Troubleshoot Chained SQL Server CTE

By:   |   Updated: 2024-10-16   |   Comments (8)   |   Related: > Common Table Expressions


Problem

I started using Common Table Expressions (CTEs) in Oracle before Microsoft SQL Server and found them easier to read than a derived table. Something about reading from the top down just clicked in my brain. As the years have passed, I'm less of a fan for one reason: troubleshooting a chained CTE with several links is hard—especially when it's someone else's code. Even the ones I wrote years ago fill me with unease when something breaks. Is there an easier way to break down each link in the chain when things go wrong?

Solution

This SQL tutorial will explore how chained CTEs might make troubleshooting code harder. The process can be further complicated if your developers like using local variables. Next, we'll look at using a temporary table as a substitute. But what are the trade-offs of using a temporary table versus a CTE? Also, should you stop using CTEs altogether? These are a few of the questions I'll address throughout this article.

Defining Terms

Before diving in, let's define each element we'll examine in this article. Since countless articles have already been written about CTEs, my intent is not to write another one. Instead, I want to highlight the differences between a derived table and a subquery since those terms are often confused. Below, I've defined all three of them.

SQL Common Table Expression

A Common Table Expression (CTE) is like a derived table but is defined top-down. It's often described as a temporary result set that's only accessible within the query where it's defined. Unlike a temporary table, SQL Server doesn't store the results, so you can't reuse them outside the query.

Below is a simple CTE example.
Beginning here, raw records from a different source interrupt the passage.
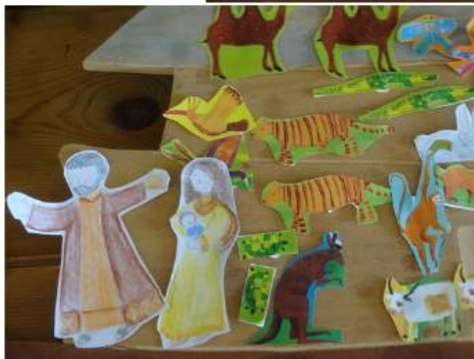
L'arche de Noé
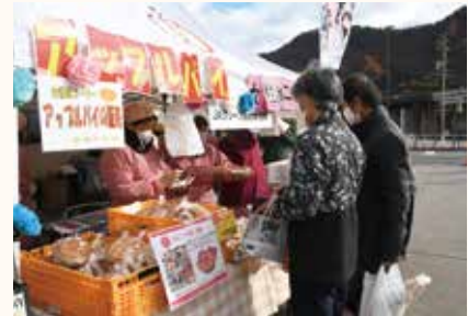
アップルパイやおやき等の販売 (若穂総支部)
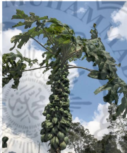
Gambar 2.1. Tanaman Karika ( C. pubescens )

menyerupai bentuk belimbing. Kulit buah karika yang belum matang berwarna hijau gelap dengan tekstur permukaan kulit yang licin dan akan berubah menjadi berwarna kuning ketika buah sudah matang. Kulit buah karika tebal dan memiliki getah yang banyak. Daging buahnya keras, berwarna kuning sampai jingga dengan rasa yang sedikit asam tetapi tetap berbau harum dan khas. Dalam daging buah terdapat rongga yang dipenuhi biji yang terbungkus oleh sarkotesta berwarna putih, bening, dan berair. Biji berwarna merah ketika karika masih mentah dan akan berubah menjadi hitam ketika carica matang. Biji karika berjumlah banyak dan padat.
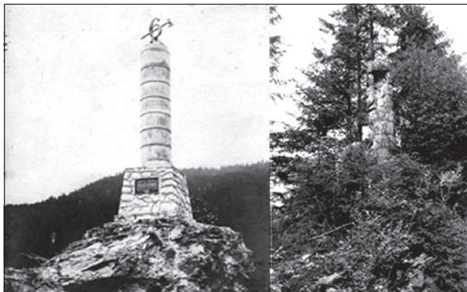
A szabadkai 6. honvédezred emlékműve Kirlibabánál egykor és napjainkban
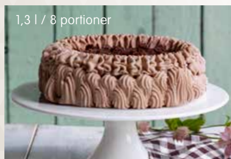
1,3 l / 8 portioner
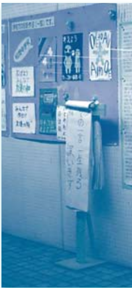
平成21年度 男女共同参画週間パネル展
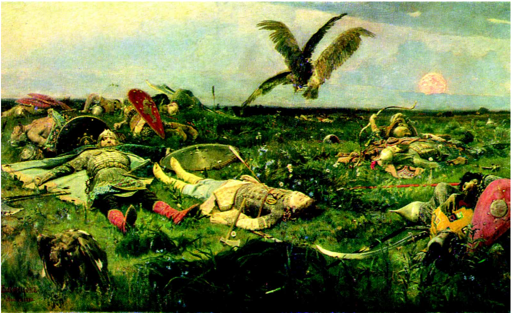
Рис. 2. После побоища Игоря Святославича с половцами. Худ. В. Васнецов

хотные ростки грядущего возрождения. Это сложная, но важная и интересная задача.
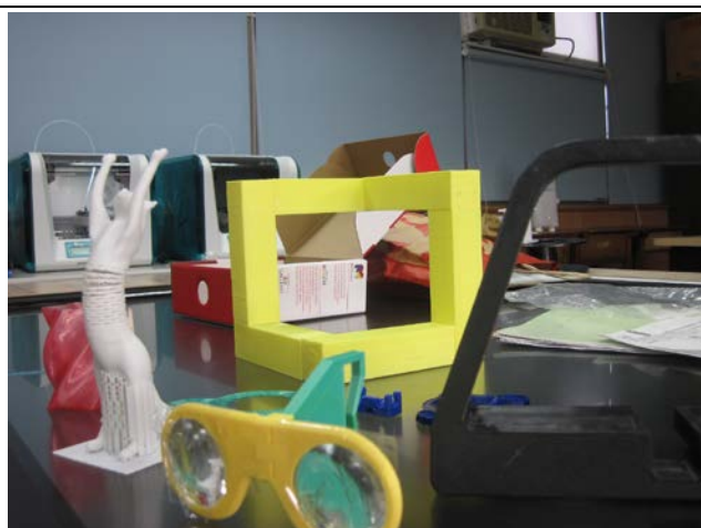
印製 3D 作品
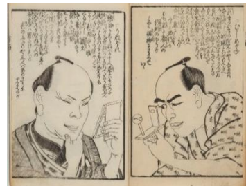
花笠文京填詞・歌川国芳画『写生百面叢』 名古屋市蓬左文庫蔵（尾崎久弥コレクション）

『朧月猫の草紙』や「猫の百面相」を発表する少し前から、国芳は「百面相」なる絵を手掛けるようになります。表情だけでその人がどのような状況に置かれているのかを滑稽に表したものです。「猫の百面相」との関係を探りつつ、国芳の「百面相」を見ていきます。
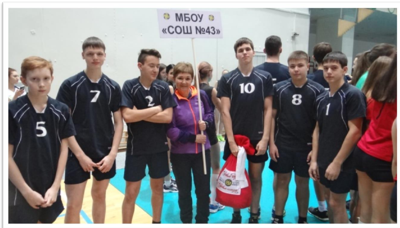
Рисунок 3. Городской турнир по баскетболу среди команд обучающихся юношей «КЭС – Баскет»
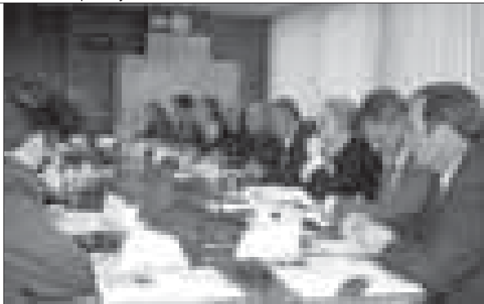
Politički savetnici u radionici 3. juna

“Saradnja između vlade i Skupštine” je bila tema radionice za političke savetnike ministarstava, koju su 3. juna organizovali OEBS, Nacionalni demokratski institut (NDI) i Fondacija Fridrih Ebert (Friedrich-Ebert Stiftung). Ova radionica je deo u nizu radionica ponuđenih savetnicima u maju i junu 2004.

This query retrieves the salesperson who made the most recent sale of each unique product from product category 2.

-- mssqltips.com
;WITH cte
AS (SELECT SalesPersonId,
           ProductId,
           ROW_NUMBER() OVER (PARTITION BY ProductId ORDER BY TransactionDate DESC) rn
    FROM dbo.SalesTransactions
    WHERE ProductCategoryId = 2
   )
SELECT SalesPersonId,
       ProductId
FROM cte
WHERE rn = 1;

It seems that no matter the query, I end up incorporating a CTE into it, especially when using windowing functions.

Derived Table

A derived table is also like a CTE, but you place it in the FROM clause of a query. Some refer to derived tables as subqueries, though that term can be confusing. I suppose you could say they are a type of subquery. A derived table only exists for the duration of a single query, just like a CTE. The query below shows a derived table in action.

-- mssqltips.com
SELECT SalesPersonId,
       ProductId
FROM
(
    SELECT SalesPersonId,
           ProductId,
           ROW_NUMBER() OVER (PARTITION BY ProductId ORDER BY TransactionDate DESC) rn
    FROM dbo.SalesTransactions
    WHERE ProductCategoryId = 2
) AS dt
WHERE rn = 1;

If you execute these queries, SQL Server uses the same execution plan, and the logical reads are identical.

Subquery

SQL Server offers two types of subqueries: correlated and non-correlated. Here, I'll focus on the non-correlated type. A non-correlated subquery runs independently of the main query. For example, you might use a subquery if you want to return the sum of all sales for a specific column. You'll typically find a subquery in the SELECT clause as a column expression or in the WHERE clause as a predicate. Below is a simple example.

-- mssqltips.com
SELECT SalesPersonId,
       ProductId,
       (
           SELECT COUNT(1) FROM dbo.SalesTransactions WHERE ProductCategoryId = 2
       ) AS Category2Count
FROM dbo.SalesTransactions;

With the terms defined, let's explore why you might want to use a chained CTE instead of a nested derived table.

Nested Derived Tables

Why would you need to create a nested derived table? Let me offer two reasons. First, nesting becomes necessary when you need to perform multiple transformations on a result set. Second, when you want to execute the code step by step. Perhaps you could even combine three derived tables into one, but steps make following the code logic easier.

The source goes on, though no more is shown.